# The equation $e^{x^3-x} - 2 = 0$ has solutions…

The equation $$e^{x^3-x}-2$$

1. has no solution in $[0,1]$
2. has a unique solution in $[0,1]$
3. has two solutions in $[0,1]$
4. has four solutions in $[0,1]$

Correct answer is B but how do you approach a problem like this? Can you post a solution please? What does $[0,1]$ even mean?

Thank you

(thanks for the edit)

• I assumed you meant $e^{x^3}-x-2$. If you instead meant $e^{x^3-x}-2$ or $e^{x^3-x-2}$, please change it to the correct one by clicking the "edit" link on the bottom of your post. – Arthur Jan 18 '18 at 6:43
• its all good thank you :) – Deni Katsman Jan 18 '18 at 6:43
• Also "in [0,1]" means "between $0$ and $1$ (including $0$ and $1$)". – Arthur Jan 18 '18 at 6:45
• @XcoderX Your edit overwrote and undid OP's previous edit (and then the title and the body of the question no longer matched).
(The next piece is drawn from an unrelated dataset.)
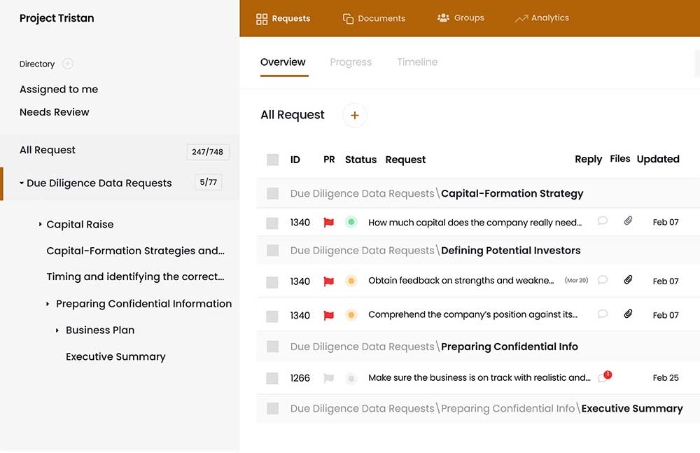 DealRoom is a project management platform designed for M&A and related transactions. Any company involved in the equity fundraising process can benefit from the due diligence capabilities it provides.

This is why I rolled back your edit. Let the OP decide what they really meant to ask. – dxiv Jan 18 '18 at 6:49

you have asked " What does $[0, 1]$ mean?"
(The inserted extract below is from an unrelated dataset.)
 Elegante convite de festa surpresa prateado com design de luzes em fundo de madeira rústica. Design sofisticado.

It means all $x$ real numbers $x$ such that $0\le x\le 1$

In order to solve $$e^{x^3-x} =2$$ We take logarithms to get $${x^3-x} = \ln2$$

We are looking for solutions in the closed interval $[0,1].$

Note that for $x\in [0, 1]$

$${x^3-x} \le 0$$ and $\ln(2) =0.6931...$ is positive.

Thus there is no solution between $0$ and $1$. The option $1$ is the correct answer.

$e^{x^3-x}=2=e^{ln 2}$

⇒ $x^3-x=ln 2$

$x ≈ 1.245$

Hence this equation has no solution in $[0, 1].$

A simple way to get the answer is to note that $x^{3}-x\leq 0$ and hence $e^{x^{3}-x} \leq 1 <2$.